It is so perplexing when men are attracted to you one minute and the next they act all weird and distant.  I can understand when someone doesn’t want to pursue things. I get confused when they come on so strong and then start to backpedal.  Are women guilty of doing the same thing to men?

I’m usually not the type to come on too strong because I have that cautious nature that puts the brakes on.  Even when I feel like I am plunging into the “new man” haze head first, I remain cautiously optimistic until things start to progress.  Sometimes there is a shift in attraction.  You figure out that the person who once made an impression on you really isn’t that compatible with you after all. What is your next move?
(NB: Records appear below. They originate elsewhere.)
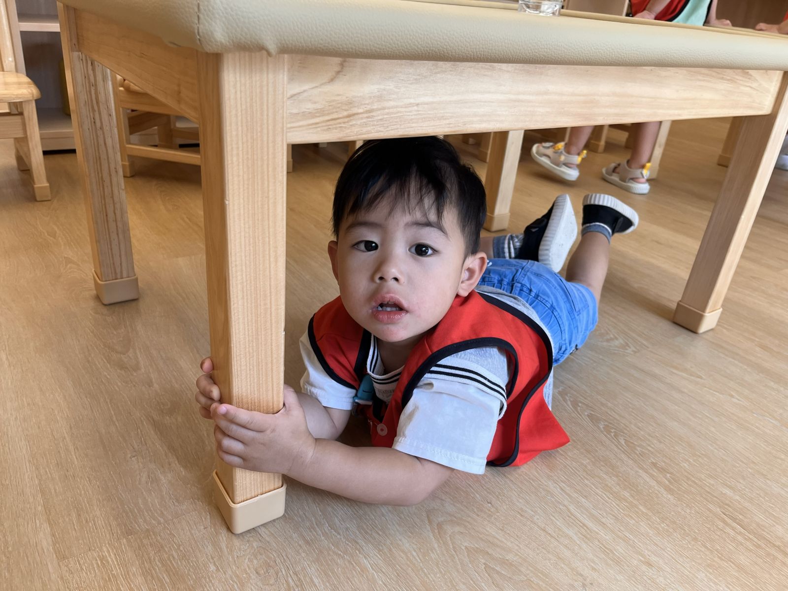 練習在搖晃時記住「趴下、掩護、穩住」,並冷靜、有序地前往至戶外避難。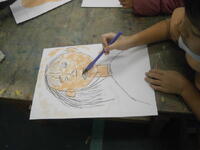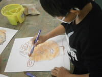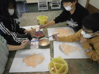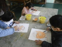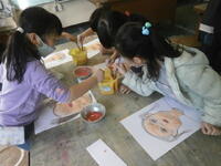 顔に肌色を塗った後は、みんなで相談しながら唇の色を作っています。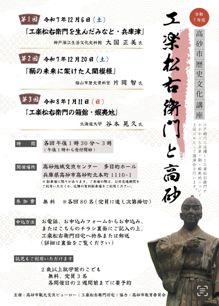 一般社団法人高砂市観光交流ビューローが、令和7年12月6日(土)・20日(土)、令和8年1月11日(日)の計3回「工楽松右衛門と高砂」という題名で歴史文化講座を開催します。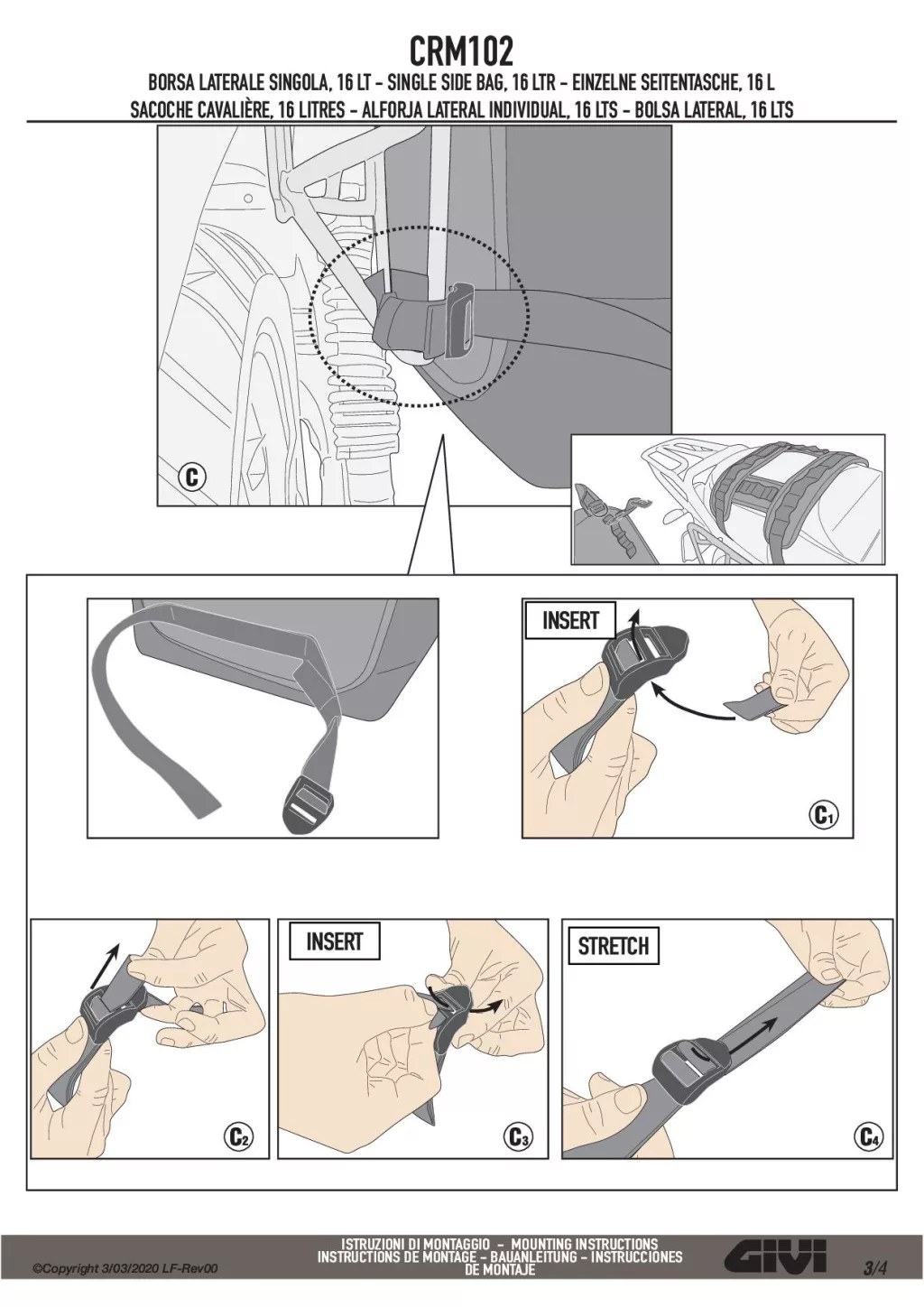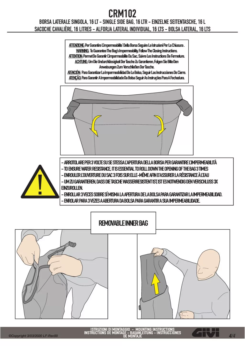 GIVI CRM102 oldaltáska – 16 l, vízálló belsővel, roll-top záródással. Klasszikus café racer és retró motorokra tervezve, a CRM105  nyeregszíjjal szerelhető fel, mely külön megvásárolható!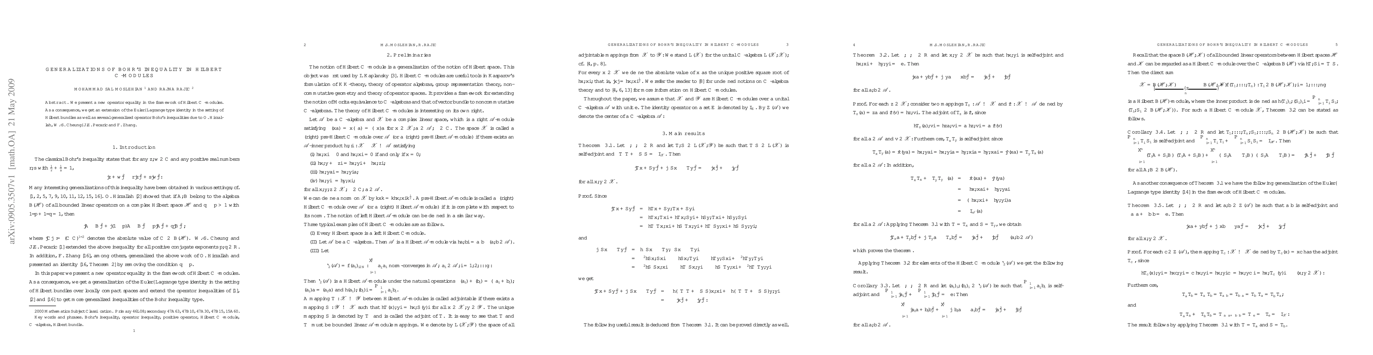 We present a new operator equality in the framework of Hilbert $C^*$-modules. As a consequence, we get an extension of the Euler--Lagrange type identity in the setting of Hilbert bundles as well as several generalized operator Bohr's inequalities due to O. Hirzallah, W.-S. Cheung-J.E. Pecaric and F. Zhang.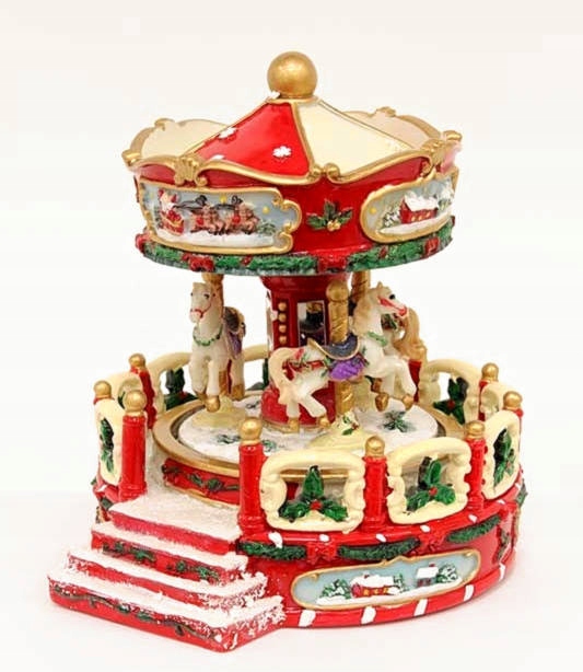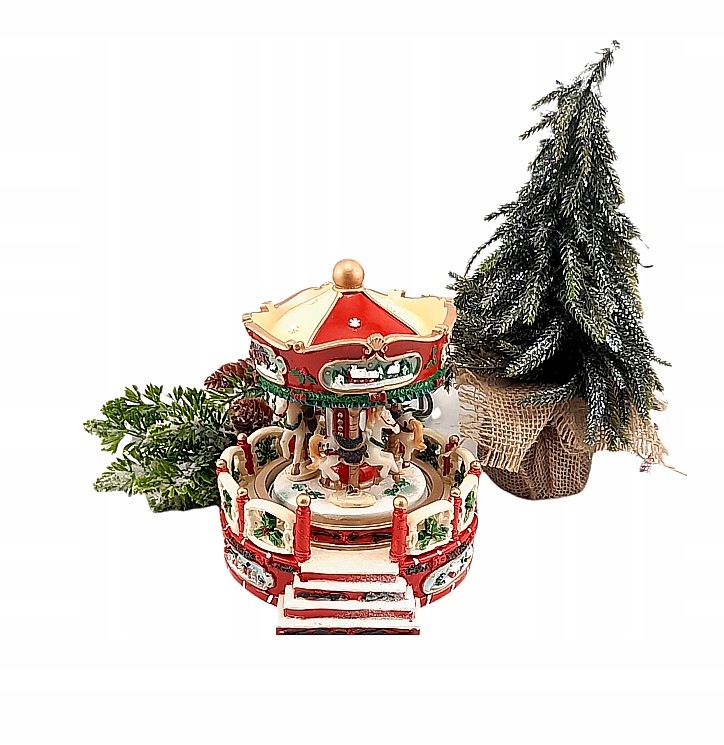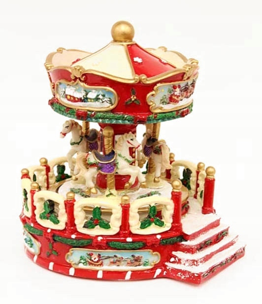 После накручивания карусель вращается и звучит мелодия «Мы желаем вам счастливого Рождества». " можно услышать.
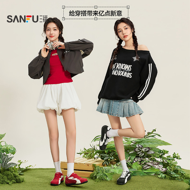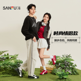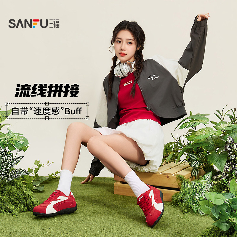 女鞋 三福女板鞋 轻便低帮德训鞋 复古系带平底赛车鞋 853655 春季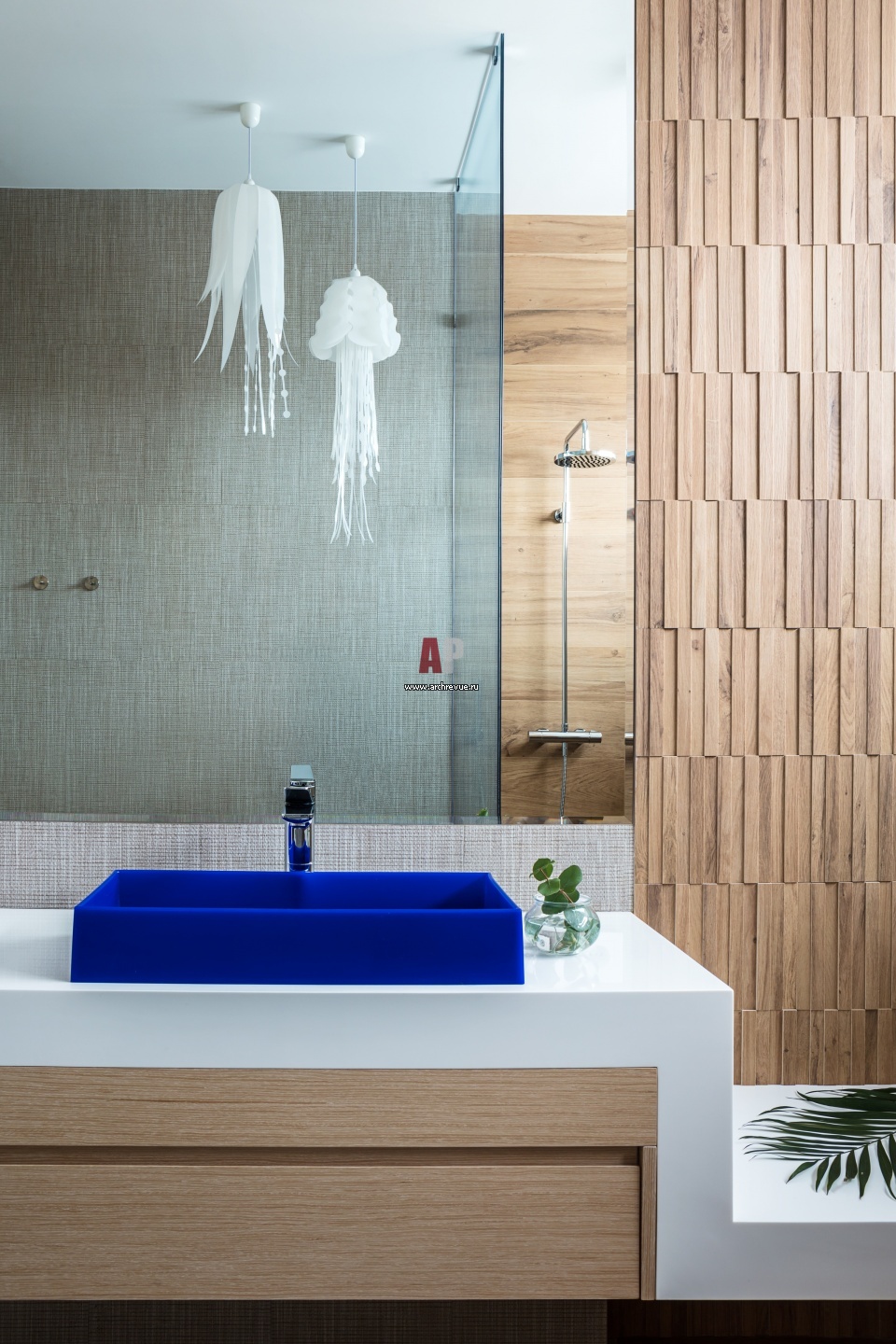 Стены детского санузла облицованы деревянной мозаикой с вертикальным рисунком. Синяя раковина Glass Design сделана из каучука, она мягкая.
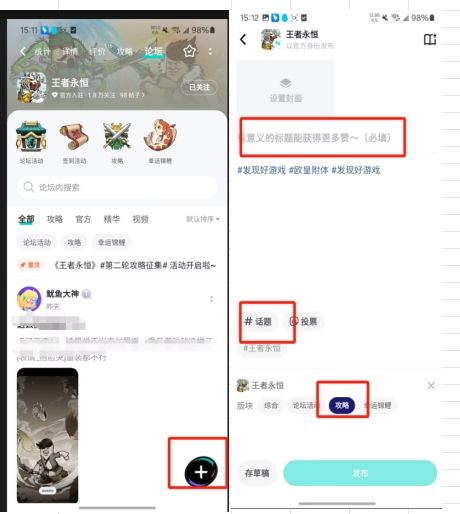 ②录制完成后在论坛右下方点击+号,在“攻略”板块中发布游戏视频即可领取奖励~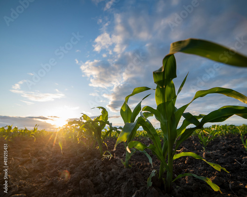 Young green corn on stalk in fields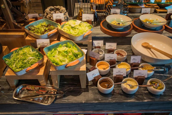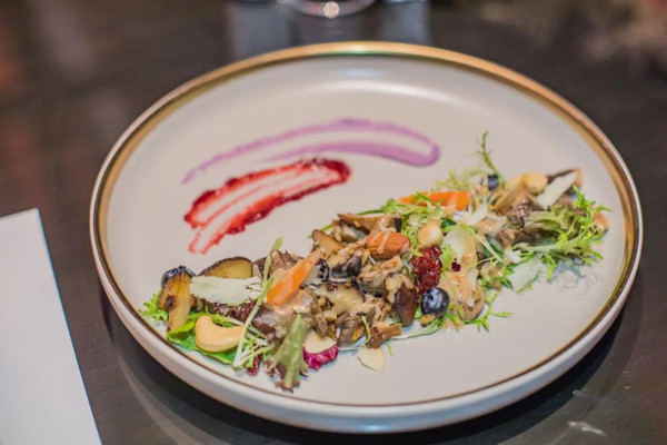 沙拉则是在有机蔬菜中混合了各种菌类,有香菇、鸡腿菇、松露等,还有坚果在里边,吃起来非常富有层次。沙拉还配有不同风味的坚果酱可以自己选择。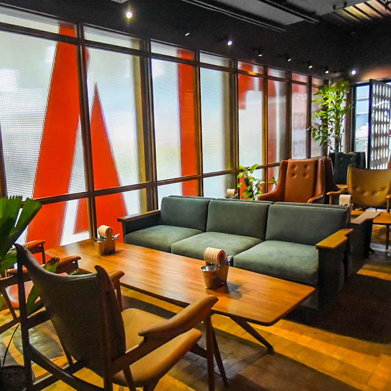 Placed inside the official mascot of capitalism, a mall, SOCIAL’s new outpost provides a stark contrast to the glitz, glamour, and flamboyance that these shiny structures are associated with. Rather, the area is shielded with pixelated glass and convex mirrors that distort how we look at things traditionally, allowing for a counter culture perspective that at the heart of what SOCIAL stands for.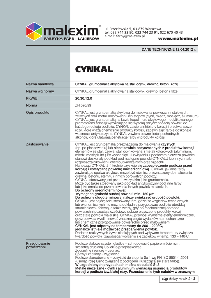 malexim ® FABRYKA FARB I LAKIERÓW ul. Przecławska 5, 03-879 Warszawa tel. 022 744 23 90, 022 744 23 91, 022 670 40 43 e-mail: [email protected] www.malexim.pl DANE TECHNICZNE 12.04.2012 r. CYNKAL Nazwa handlowa CYNKAL gruntoemalia akrylowa na stal, ocynk, drewno, beton i rdzę Nazwa wg normy CYNKAL gruntoemalia akrylowa na stal,ocynk, drewno, beton i rdzę PKWiU 20.30.12.0 Norma ZN 020/99 Opis produktu CYNKAL jest gruntoemalią akrylową do malowania powierzchni stalowych, żeliwnych oraz metali kolorowych i ich stopów (cynk, miedź, mosiądz, aluminium). CYNKAL jest gruntoemalią na bazie kopolimeru akrylowego modyfikowanego promotorami adhezji wyróżniającą się wysoką przyczepnością powłoki do każdego rodzaju podłoża. CYNKAL zawiera inhibitory korozji i przetwarzacze rdzy, które wiążą chemicznie produkty korozji, zapewniając farbie doskonałe własności antykorozyjne. CYNKAL zawiera pewne ilości pochodnych alkoholi, które ułatwiają penetrację farby w produkty korozji. Zastosowanie CYNKAL jest gruntoemalią przeznaczoną do malowania czystych (np. po piaskowaniu) lub niecałkowicie oczyszczonych z produktów korozji elementów ze stali, żeliwa, stali ocynkowanej i metali kolorowych (aluminium, miedź, mosiądz itd.) Po wyschnięciu i związaniu z podłożem pierwsza powłoka stanowi doskonały podkład pod następne powłoki CYNKALU lub innych farb rozpuszczalnikowych i chemoutwardzalnych oraz szpachli. Nanosząc CYNKAL 2-4 krotnie uzyskuje się zabezpieczenie podłoża przed korozją i estetyczną powłokę nawierzchniową. CYNKAL jak inne farby zawierające spoiwa akrylowe może być również przeznaczony do malowania drewna, betonu, eternitu i innych porowatych podłoży. CYNKAL stosowany jest przede wszystkim jako gruntoemalia. Może być także stosowany jako podkład antykorozyjny pod inne farby lub jako emalia do przemalowania innych powłok malarskich. Do ochrony średnioterminowej: wymagana grubość . suchej powłoki min. 150 µm Do ochrony długoterminowej należy zwiększyć grubość powłoki. CYNKAL jest najczęściej stosowany tam, gdzie ze względów technicznych lub ekonomicznych nie można dokładnie przygotować podłoża obróbką strumieniowo- ścierną, a także wtedy, gdy po mechanicznej obróbce powierzchni pozostają częściowo dobrze przyczepne produkty korozji oraz stare powłoki malarskie. CYNKAL przynosi wymierne efekty ekonomiczne, gdyż pozwala wyeliminować znaczną część wydatków na mechaniczne lub chemiczne przygotowanie powierzchni przed malowaniem. CYNKAL jest odporny na temperatury do 200 – 220 0 C, jednakże istnieje możliwość przebarwienia powłok. Dodatek reaktywnych żywic sieciujących pod wpływem temperatury zwiększa twardość powłoki i zapobiega tworzeniu się zacieków w temp. 130 – 1400C. Przygotowanie powierzchni Podłoże stalowe czyste i gładkie – schropowacić papierem ściernym, szczotką drucianą lub lekko przepiaskować. Zgorzelinę i zendrę – usunąć. Spawy i zadziory – wygładzić. Podłoże skorodowane – oczyścić do stopnia Sa 1 wg PN ISO 8501-1:2001 (usunąć rdzę luźno związaną z podłożem i łuszczącą się starą farbę). W uzgodnionych przypadkach można dopuścić St 3. Metale nieżelazne - cynk i aluminium wymagają usunięcia produktów korozji z podłoża tzw.białej rdzy. Pozostawienie tych nalotów w znacznym ciąg dalszy na str. 2 - 3 malexim ® FABRYKA FARB I LAKIERÓW CYNKAL str. 2 Przygotowanie powierzchni stopniu obniża przyczepność powłok malarskich i powoduje ich odspajanie nawet po krótkim czasie eksploatacji. Produkty korozji można usunąć ręcznymi lub mechanicznymi szczotkami stalowymi lub poprzez delikatną obróbkę strumieniowo - ścierną tzw. omiatanie luźnym ścierniwem. Stare powłoki malarskie – starannie sprawdzić przyczepność starych powłok do podłoża zgodnie z PN EN ISO 2409, wykonując tzw. siatkę nacięć. Słabo przylegające powłoki usunąć, pozostałe zmyć roztworem EKOSOLWENTU i schropowacić (piaskowanie, szczotka druciana itp.). Przeprowadzić miejscowo próbne wymalowania w celu sprawdzenia czy nie nastąpi odspojenie całego systemu od podłoża. Każde podłoże przed malowaniem odtłuścić wodnym roztworem preparatu EKOSOLWENT prod. MALEXIM i dokładnie spłukać wodą. Sposób użycia CYNKAL można nakładać na suche i czyste podłoże za pomocą pędzla, wałka, pistoletu lub przez zanurzenie. Przygotowanie farby Farbę wymieszać przed użyciem. Do malowania pędzlem rozcieńczać w ilości do 10% rozcieńczalnikiem MALSOLWENT nr 1 prod. MALEXIM. Do malowania przez zanurzenie lub natryskiem należy stosować rozcieńczalnik MALSOLWENT nr 2 (w ilości 20-30%). Lepkości robocze: malowanie pędzlem - lepkość handlowa natrysk pneumatyczny - 20 – 40 s malowanie przez zanurzenie - 25 – 35 s Najkorzystniej jest malować w temperaturach 20 – 300C. Następne wymalowania Krótki czas schnięcia farby zapewnia możliwość 2-krotnego malowania w ciągu jednego dnia, np. dużej konstrukcji nośnej, dachu, ogrodzenia. Następne powłoki CYNKALU lub innych farb można nakładać w dowolnych odstępach czasu, po wyschnięciu poprzedniej powłoki CYNKALU. Jeżeli wykonawca zamierza nanosić na CYNKAL farby tzw. chemoodporne lub inne zawierające dużo agresywnych rozpuszczalników jak ksylen, toluen lub nitro należy wydłużyć czas schnięcia i przeprowadzić próbne wymalowanie, żeby uniknąć odspajania powłok od podłoża. Właściwości CYNKAL wiąże się z rdzą oraz podłożem metalicznym fizycznie i chemicznie.Posiada wysoką trwałość barwy i odporność na podwyższone temperatury. Tworzy powłoki charakteryzujące się bardzo dobrymi właściwościami mechanicznymi i świetną przyczepnością do podłoża. Kolor Gama kolorów oraz RAL, NCS lub według uzgodnień. Opakowania 0,2; 0,3; 0,7; 2,5; 10 litrów malexim ® FABRYKA FARB I LAKIERÓW CYNKAL str. 3 Wydajność Zawartość części sta

What are ways you  can tell you are attracted to someone?  Let’s go beyond the obvious, “I want to see them naked” barometer to test how strong your attraction is; how can you determine that your attraction is significant enough to compel you to focus on just them?

How do you handle it when you are attracted to someone unexpectedly?  Just because it catches you off guard, does that mean you won’t pursue things?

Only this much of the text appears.